岡地 綾子 【ファイナンシャル・プランナー】

お金

2025年の年金支給日一覧!
支給日が土日の場合はどうなる?

シニアの生活を支える年金。初めて年金をもらう人の中には、支給開始の手続き方法や年金の支給日がいつか把握していない人も多いのではないでしょうか? 国民年金や厚生年金は原則として65歳から受け取れますが、自動的に受給が開始される訳ではありません。年金を受け取るためには所定の手続きが必要です。 この記事では年金支給日の原則や2025年の年金支給日一覧、受給開始の手続き方法や受給者が死亡した場合の対応などを解説します。

目次

国民年金・厚生年金の支給日はいつ?

国民年金・厚生年金の支給日はいつ?

まずは、国民年金・厚生年金の支給日はいつなのか、2025年の支給日一覧と合わせて確認してみましょう。

年金支給日は偶数月の15日

年金の支給日は、原則として偶数月の15日です。「2月・4月・6月・8月・10月・12月」の15日に、前々月と前月の2ヶ月分が支給されます。

年金の受け取り方法を銀行振り込みにしている場合は、支給日に自動的に振り込まれます。ゆうちょ銀行(郵便局)の窓口受け取りにしている場合は、年金送金通知書と年金証書を持参してゆうちょ銀行(郵便局)の窓口に行けば、現金での受け取りが可能です。

※1:日本年金機構|年金はいつ支払われますか。

支給日が土日祝日の場合は直前の平日に前倒しされる

年金支給日が土日祝日の場合、直前の平日に前倒しで支給されます。

2025年の年金支給日一覧

2025年の年金支給日は以下の通りです。

■2025年の年金支給日

年金支給日

該当月

2月14日(金)

2024年の12月・1月分

4月15日(火)

2月・3月分

6月13日(金)

4月・5月分

8月15日(金)

6月・7月分

10月15日(水)

8月・9月分

12月15日(月)

10月・11月分

支給日当日に銀行口座から現金を引き出したい人は、カレンダーなどに印をしておきましょう。

国民年金と厚生年金で支給日に違いはない

日本の公的年金制度は2階建の仕組みになっており、1階部分は20歳以上60歳未満の人全てが加入する国民年金、2階部分は会社員や公務員が加入する厚生年金で構成されています。

国民年金・厚生年金共に原則的には65歳から受給開始されますが、両者の支給日に違いはありません。偶数月の15日に、国民年金と厚生年金の合計受給額が指定の口座に振り込まれます

なお、遺族年金や障害年金の支給日も国民年金・厚生年金と同じ支給日になります。

初めての年金支給日はいつになる?

初めての年金支給日はいつになる?

日本の公的年金は、原則65歳から受給が開始されますが、初めての年金支給日はいつになるのでしょうか?

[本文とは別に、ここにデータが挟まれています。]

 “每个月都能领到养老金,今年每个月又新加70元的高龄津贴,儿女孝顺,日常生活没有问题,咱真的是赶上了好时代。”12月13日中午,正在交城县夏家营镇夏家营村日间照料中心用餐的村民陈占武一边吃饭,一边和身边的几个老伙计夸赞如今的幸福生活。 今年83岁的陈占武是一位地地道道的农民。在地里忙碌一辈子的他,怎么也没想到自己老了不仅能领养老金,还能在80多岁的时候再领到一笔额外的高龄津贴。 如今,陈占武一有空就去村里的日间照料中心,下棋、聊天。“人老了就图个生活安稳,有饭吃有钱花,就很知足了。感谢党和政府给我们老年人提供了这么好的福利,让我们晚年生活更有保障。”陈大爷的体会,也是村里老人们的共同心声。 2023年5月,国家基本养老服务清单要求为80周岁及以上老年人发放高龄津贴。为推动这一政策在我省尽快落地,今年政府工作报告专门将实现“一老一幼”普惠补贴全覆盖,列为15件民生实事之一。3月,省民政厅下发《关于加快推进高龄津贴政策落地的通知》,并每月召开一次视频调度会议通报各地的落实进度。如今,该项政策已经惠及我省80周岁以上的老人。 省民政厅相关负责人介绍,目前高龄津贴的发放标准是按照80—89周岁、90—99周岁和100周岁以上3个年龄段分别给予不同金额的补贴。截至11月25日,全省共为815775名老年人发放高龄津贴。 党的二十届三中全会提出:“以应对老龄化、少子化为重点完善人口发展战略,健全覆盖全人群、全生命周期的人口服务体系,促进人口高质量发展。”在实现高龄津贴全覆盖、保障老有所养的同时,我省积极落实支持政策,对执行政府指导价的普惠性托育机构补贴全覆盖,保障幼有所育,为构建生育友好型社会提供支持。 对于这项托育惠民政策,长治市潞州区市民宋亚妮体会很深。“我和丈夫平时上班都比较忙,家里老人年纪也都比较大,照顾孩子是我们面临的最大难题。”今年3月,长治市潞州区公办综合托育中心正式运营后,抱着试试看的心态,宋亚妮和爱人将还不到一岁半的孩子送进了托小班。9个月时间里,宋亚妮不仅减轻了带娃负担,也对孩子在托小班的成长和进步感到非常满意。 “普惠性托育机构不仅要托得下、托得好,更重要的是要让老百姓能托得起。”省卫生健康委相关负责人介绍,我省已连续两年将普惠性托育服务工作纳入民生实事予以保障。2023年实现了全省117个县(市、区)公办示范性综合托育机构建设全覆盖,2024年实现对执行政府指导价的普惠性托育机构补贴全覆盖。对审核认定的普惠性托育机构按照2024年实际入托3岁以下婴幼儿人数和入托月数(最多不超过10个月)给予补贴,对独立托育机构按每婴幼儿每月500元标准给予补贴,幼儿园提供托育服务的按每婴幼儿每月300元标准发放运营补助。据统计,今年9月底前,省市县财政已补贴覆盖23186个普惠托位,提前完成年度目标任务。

初めての年金支給日は誕生月の2〜3ヶ月後になることが一般的

初めての年金支給日は、誕生月の2〜3ヶ月後になることが一般的です。

年金は年金受給権が発生した翌月から発生します。年金受給権とは、年金を受け取れる権利のこと。誕生月が1月の人は、2月分から年金が発生します。

ただし、65歳の誕生月を過ぎたからといって自動的に年金が受け取れる訳ではありません。受給開始には手続きが必要になり、手続きが完了して初回の年金が振り込まれるまでには2〜3ヶ月程度かかることが一般的です。

例外として奇数月に支給されるケースもある

年金支給日は、原則偶数月の15日ですが、例外として奇数月に支給されるケースもあります。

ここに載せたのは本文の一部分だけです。